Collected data
# # #
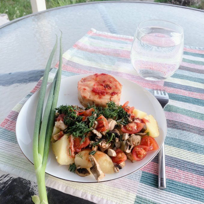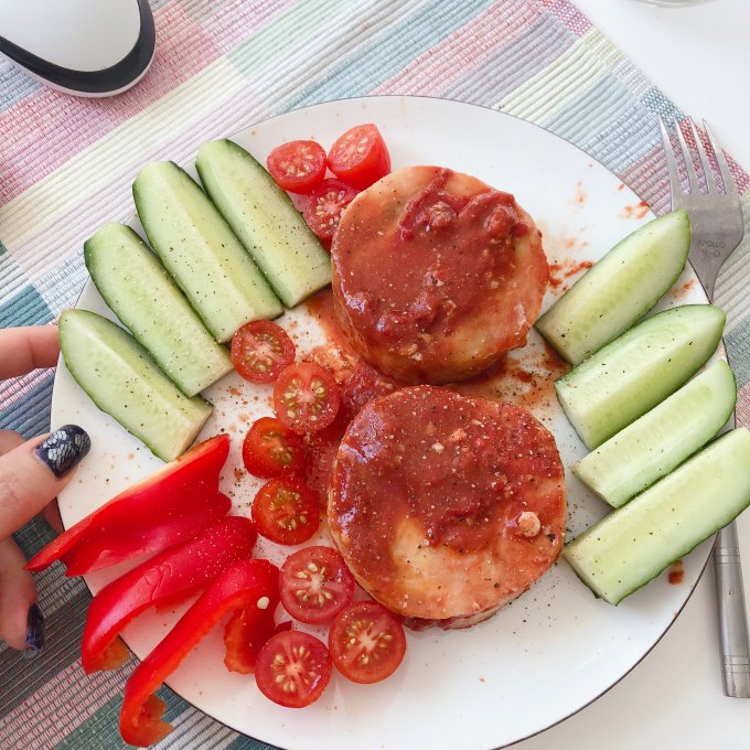 На ужин в 17:00 хек со свежими овощами. Картошка не влезла из-за арбуза. Расстроилась, хотела её.
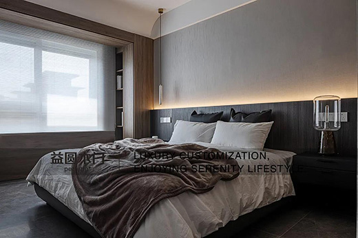 柜體與床頭墻面的木色特地選擇有色差的材質,拉出層次,避免連成片的深色一不小心就會太過沉穩,床笫之間,一切的放松都與木質關聯。
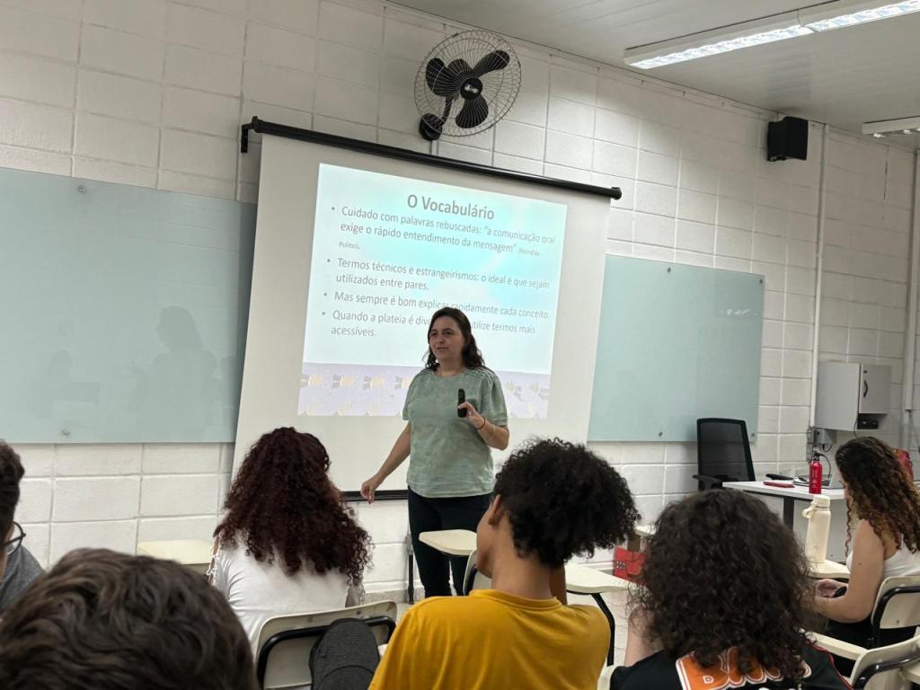 No dia 25 de setembro, durante a Semana de jornalismo de 2024, a professora doutora Vivianne Lindsay Cardoso, do departamento de Comunicação Social ministrou a oficina de Oratória: a arte de falar em público.
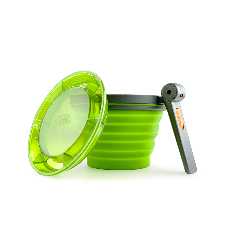 Praktický hrnek s vychytanou integrovanou skládací rukojetí se zámkem pro fixaci ve dvou různých polohách. Horizontální pro lepší manipulaci při jídle, a diagonálně-vertikální pro manipulaci při pití. Složený silikonový hrnek má výšku pouhých 43mm, Hrnek lze rozložit až do objemu 680ml. Víčko z Infinity clear Polypropylenu perfektně zapadá do horního lemu hrnku a dokonale izoluje obsah před okolními vlivy a chrání před vylitím.
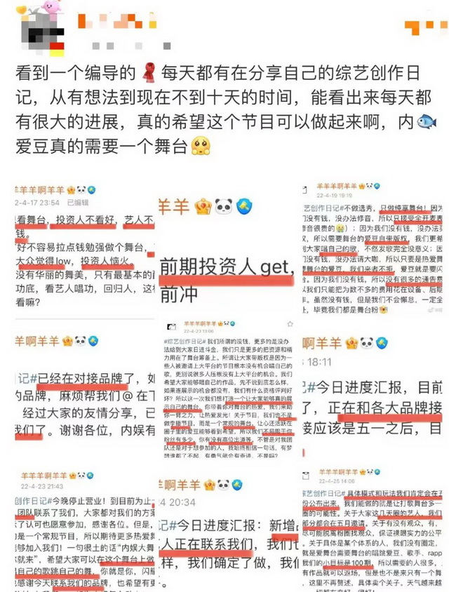 在筹备节目的五个月时间里,羊羊不断更新“综艺创作日记”,从确定艺人数量、和品牌方洽谈合作,到落地平台,每一个环节都在日记中向网友汇报,关注他的网友也越来越多。
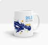 From Hopkinton, through Wellesley, to the finish line in Boston. Blue splatters create the route of this infamous marathon. Perfect gift for a runner who is working on a BQ or one who already ran the big race. Available in 11oz or 15 oz. Dishwasher/microwave safe
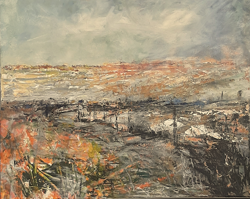Scratching and layering [insert 146] On the Moor Where You Wander, mixed media, 16″ x 20″ on canvas
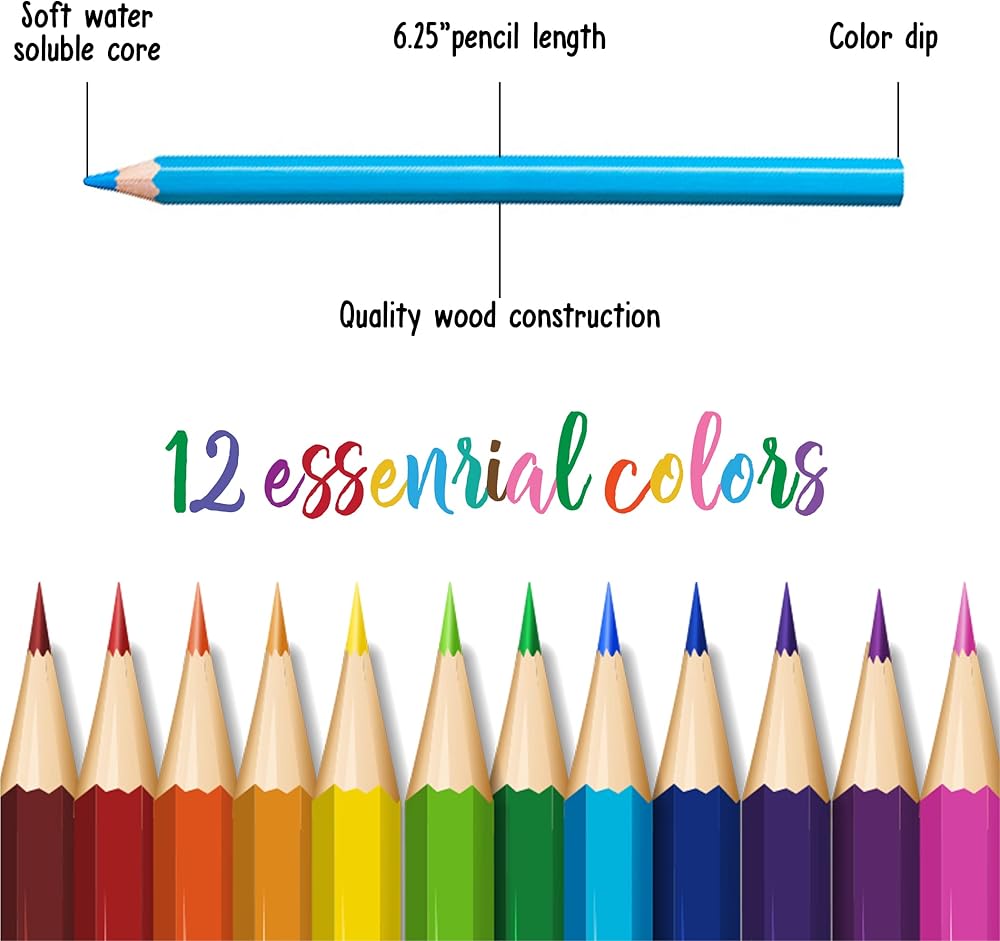 أضف لمسة من الألوان إلى طفولة أطفالك! مجموعتنا المكونة من 12 قلم رصاص هي كل ما يحتاجون إليه للإبداع. بالإضافة إلى ذلك، يمكن مزجها في تركيبات مثيرة لا حصر لها أثناء التنقيط أو الفقس المتقاطع.
# # #
What to do: Take only the line containing "在筹备节目的五个月时间里,羊" and every line after it to the end of the entries, and copy them exactly, pictures excluded.

Response box:
 在筹备节目的五个月时间里,羊羊不断更新“综艺创作日记”,从确定艺人数量、和品牌方洽谈合作,到落地平台,每一个环节都在日记中向网友汇报,关注他的网友也越来越多。
 From Hopkinton, through Wellesley, to the finish line in Boston. Blue splatters create the route of this infamous marathon. Perfect gift for a runner who is working on a BQ or one who already ran the big race. Available in 11oz or 15 oz. Dishwasher/microwave safe
Scratching and layering [insert 146] On the Moor Where You Wander, mixed media, 16″ x 20″ on canvas
 أضف لمسة من الألوان إلى طفولة أطفالك! مجموعتنا المكونة من 12 قلم رصاص هي كل ما يحتاجون إليه للإبداع. بالإضافة إلى ذلك، يمكن مزجها في تركيبات مثيرة لا حصر لها أثناء التنقيط أو الفقس المتقاطع.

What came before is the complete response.